Programme managers in Mumbai decided last month to offer each patient with MDR-TB an expanded - but still not ideal - drug susceptibility test to determine the most suitable combination of second-line drugs to prescribe a tailored, or individualised, treatment regimen to each patient.
"This policy needs to expand across the country," said Pralhad Prabhudesai, a respiratory medicine specialist at another hospital that participated in the study. "We're being penny-wise pound-foolish not to offer drug susceptibility tests to every MDR-TB patient right at the start."
Such a test, he said, typically costs about Rs 8,000. "But not giving MDR-TB patients an effective combination of drugs will only create extreme drug resistance which is even more expensive and even harder to treat than MDR-TB."
Senior health ministry officials managing the TB control programme have conceded that delivering high-quality diagnosis and appropriate treatment to patients with MDR-TB is among the "challenges" faced by the programme.
The programme had five accredited laboratories - in Bangalore, Chennai, Delhi, Mumbai and Kerala - to conduct drug susceptibility tests for second-line drugs by December 2013. That number has grown but, the doctors say, the pace of expansion has not matched the scale of the problem.
The doctors say the growing resistance to fluoroquinolones is rooted in the widespread abuse of these antibiotics. Several earlier studies have suggested that a "chaotic and unregulated" private health sector may be contributing to drug resistance by abusing fluoroquinolones.
"Our findings suggest the standardised regimens may not work on nearly half the MDR-TB patients in Mumbai," said Dalal, who works at a private hospital but has helped manage TB patients in a government hospital in Mumbai since 2005. "When such treatments do not work, it's terrible for patients, but they can also spread the multi-drug-resistant bacilli to others around them," she said.
The TB control programme currently recommends second-line drug susceptibility testing only to patients already receiving treatment for MDR-TB who do not respond to treatment after six months of therapy. But, doctors say, these patients can spread MDR-TB through the community during that period.
A 20-year-old engineering student in Mumbai who had no history of family or close contact with TB patients was recently diagnosed with extreme drug-resistant TB, his doctor said. "He must have picked up the infection from the community," the doctor said.
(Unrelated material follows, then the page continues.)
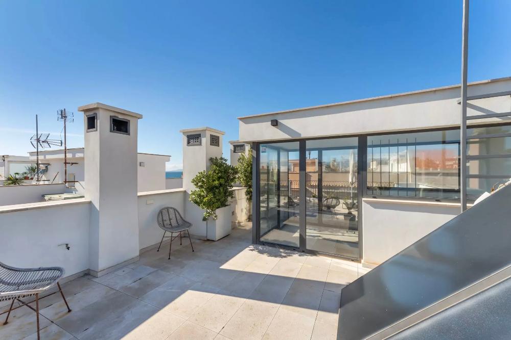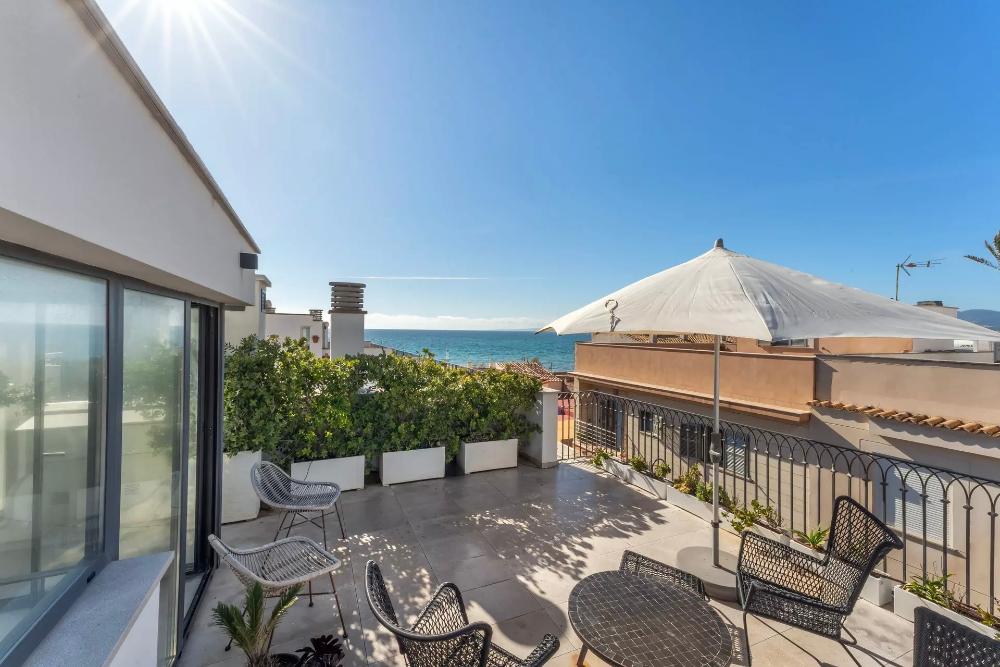 Hochwertiges Stadthaus mit Pool in Molinar-Verfügbar für temporäre Anmietung. Dieses einzigartige Haus, bietet komfortables Wohnen das ganze Jahr über oder als Zweitwohnsitz. In bester Lage am Meer in Molinar, nur wenige Schritte von der Strandpromenade entfernt, kombiniert es modernes Design mit traditionellen Elementen für eine einladende Atmosphäre. Im Erdgeschoss befindet sich die hochwertige Cocinart-Küche mit Geräten von Miele, Smeg und Siemens, offen verbunden mit dem Wohnzimmer. Große Glasschiebetüren führen zu einer Terrasse und einem 60 qm großen Garten mit solarbeheiztem Pool. Zudem gibt es ein Gäste-WC und einen Kamin. Im Obergeschoss sind drei Schlafzimmer, zwei Bäder (eines en-suite) und zwei Balkone mit Meerblick. Die 62 qm große Dachterrasse bietet spektakulären Meerblick. Das Untergeschoss verfügt über zwei weitere Schlafzimmer, ein Badezimmer, eine Dampfsauna (Effegibi), eine Waschküche und einen Abstellraum. Ein Glasabschnitt erlaubt den Blick ins Poolwasser. Zwei private Parkplätze im Nachbargebäude sind ebenfalls enthalten.

A senior epidemiologist cautioned that the Mumbai study is based on a small sample of patients and the patterns of resistance may not genuinely reflect MDR-TB across the community.
"Every single patient with TB deserves a complete drug-sensitivity test," said Madhukar Pai, associate professor at McGill University in Canada, who was not associated with the Mumbai study. "Otherwise, doctors may inadvertently give the incorrect regimen and make a bad situation worse."
Drug resistance increases the duration and cost of treatment and reduces the chance of recovery. Therapy with first-line drugs costs about Rs 4,000 and lasts six months, Dalal said. Treatment with second-line drugs is likely to cost at least Rs 1.2 lakh and last two years, she said. Patients with extreme drug resistant TB also need therapy for two-and-a-half years that could cost over Rs 3.6 lakh and may require surgery too.